Лица у людей разные. Потные, умные, злые, уставшие, добрые, испуганные, улыбающиеся и никакие – как пятна. Подойти к баку с водой нелегко. Там толкутся с бутылками, кружками, банками. Я уже было приблизилась к баку, когда услышала тот же свист. Теперь я его не спутала бы ни с чем на свете. Он нарастал с такой быстротой и силой, что у меня заложило уши. Затем я почувствовала резкую боль в щеке. Пытаясь освободиться от локтя какого-то мужчины, который пригвоздил меня к железному краю бака, я дернула голову вверх и увидела огромную красную звезду на крыле самолета, который спикировал, чуть не задев мачту. «Наш! Наш! Наш!» - как гром разнеслось по пароходу. Люди прыгали, обнимались, целовались, кричали «Ура!»…
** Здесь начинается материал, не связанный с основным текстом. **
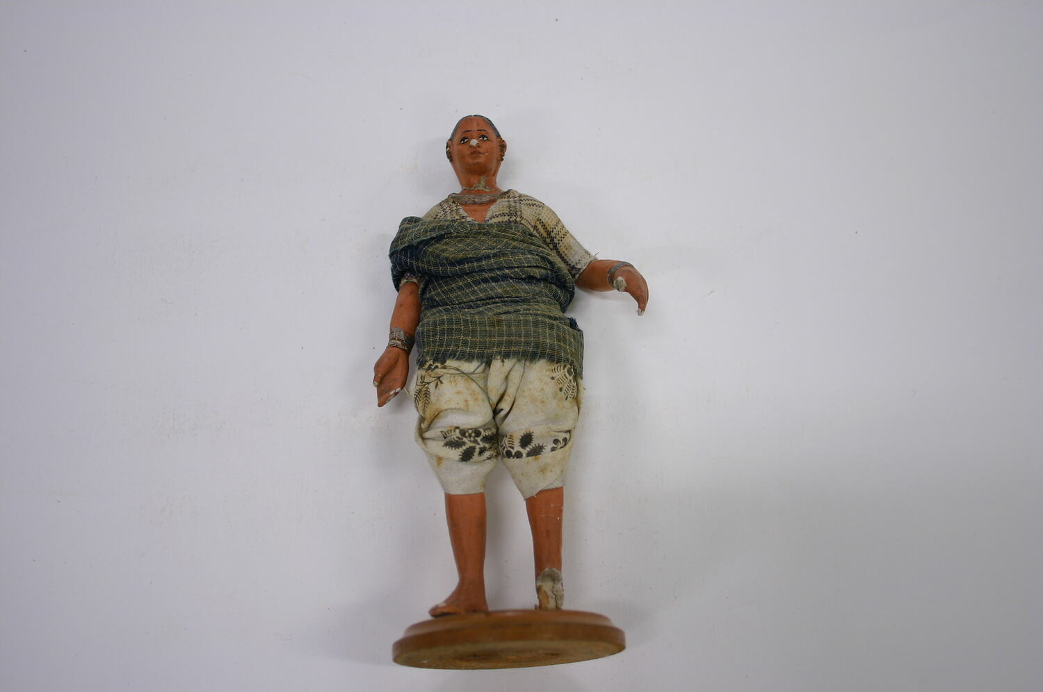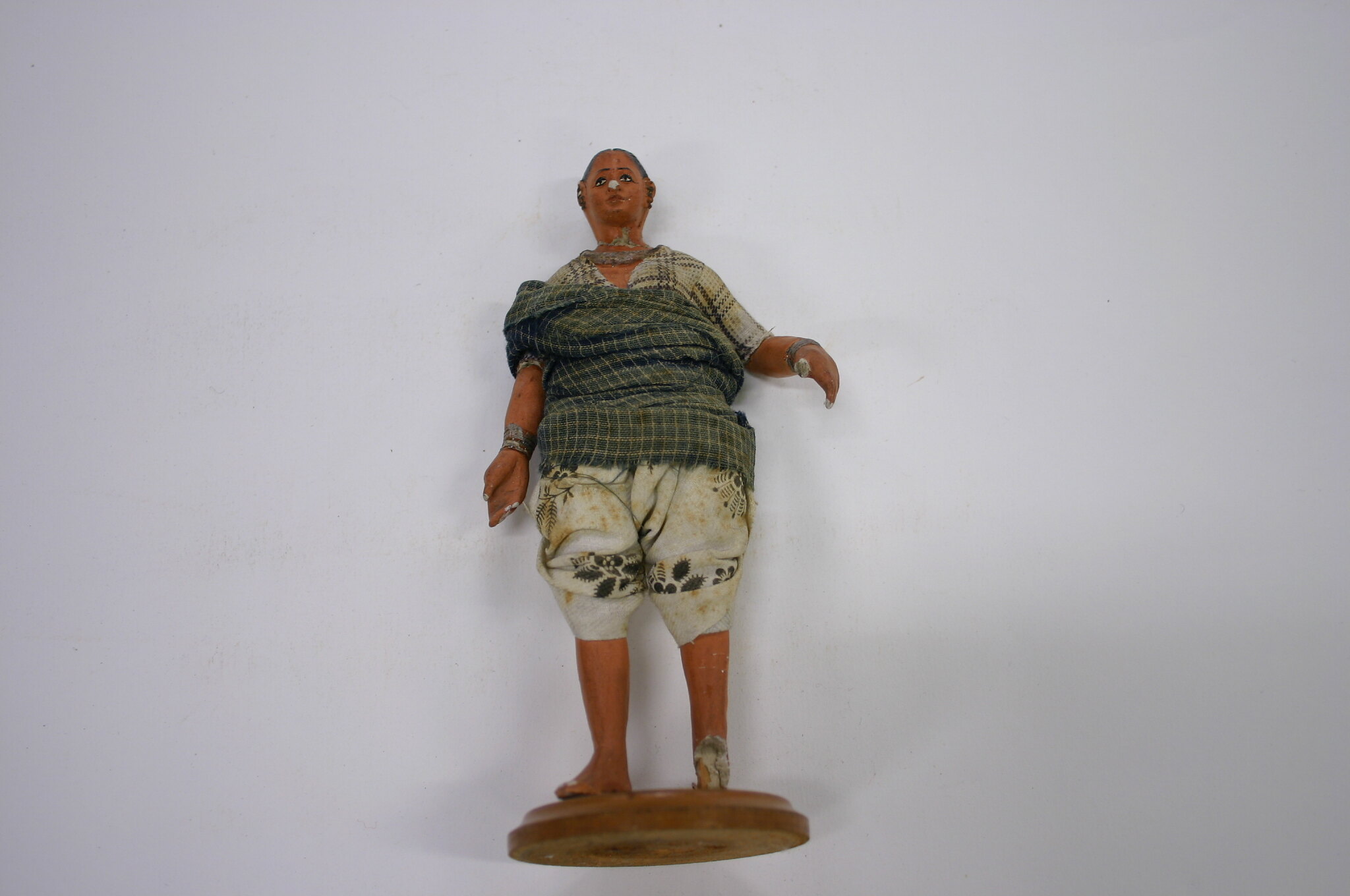 Figure of a woman on a wooden base. The base is painted brown turned wood. A paper label is glued to the base. The figure is plaster/composition modeled over wooden dowels, it is painted with a terracotta skin tone and dressed in fabric. Her garments consist of a blouse and trousers of white and black cotton, the blouse has a checked design, the trousers have a floral design. She also has blue, checked shawl wrapped around her waist.

Сначала я услышала смех, а потом поняла, что это я смеюсь. Я смеялась всем телом. Открытый рот свело судорогой. Из меня вырывались клокотание и писк, которые я не могла остановить. Я смотрела на людей. Они медленно расступались. В двуш шагах от меня никого не осталось. И все, как завороженные моим смехом, стояли плотной стеной и смотрели на меня. «Она сошла с ума... надо позвать доктора...» - слышались голоса.

«А ну, зверье, чего уставились? Не видите, дитё испугалося». Она подошла, толстая, лоснящаяся, седая, и не знаю как – моя голова очутилась на ее большой груди, и невидимая рука разжала сведенные судорогой челюсти, и смех перешел в плач, потом во всхлипывания, потом в икотку.

От женщины пахло ржаным хлебом и борщом. Рука, гладившая меня, была влажной. Я почувствовала слабость и удивительную легкость во всем теле.

 

Ночь. Небо далекое и чужое, и по нему кто-то скупой рукой разбросал алмазы. Я смотрела на них. Потом небо началось спускаться. Из него выпали алмазы поменьше и совсем маленькие, как песок. Луна, бледная от страха, молчала. И ни звездам, ни луне, не было дела до того, что здесь, наверху, на палубах, и внизу, в трюмах, тысячи людей, объятые общим страхом, сидят и стоят почти впритык, разговаривают шепотом, машины не работают, пароход стоит на плаву, вокруг нас мины. Мама медленно и ритмично покачивает головой, больной брат где-то в трюме. К нему невозможно пробраться.

«Ты из пострадавших?» - услышала я. «Так вот как нас тут называют», - подумала я и ответила: «Да».

- А где твоя мать?

- Здесь.

- А отец?

- На фронте.

- Ты испугалась?

- Да, - ответила я и рассказала ему о человеке в белом парусиновом костюме с деньгами в портфеле, о пулеметчиках, которые проспали «Мессер», о раненых немцах и о бинте.

«А где ты бинт взяла?» «Наверное, мой старший брат положил мне в карман». «А где он?» «Пошел на фронт добровольцем», - ответила я.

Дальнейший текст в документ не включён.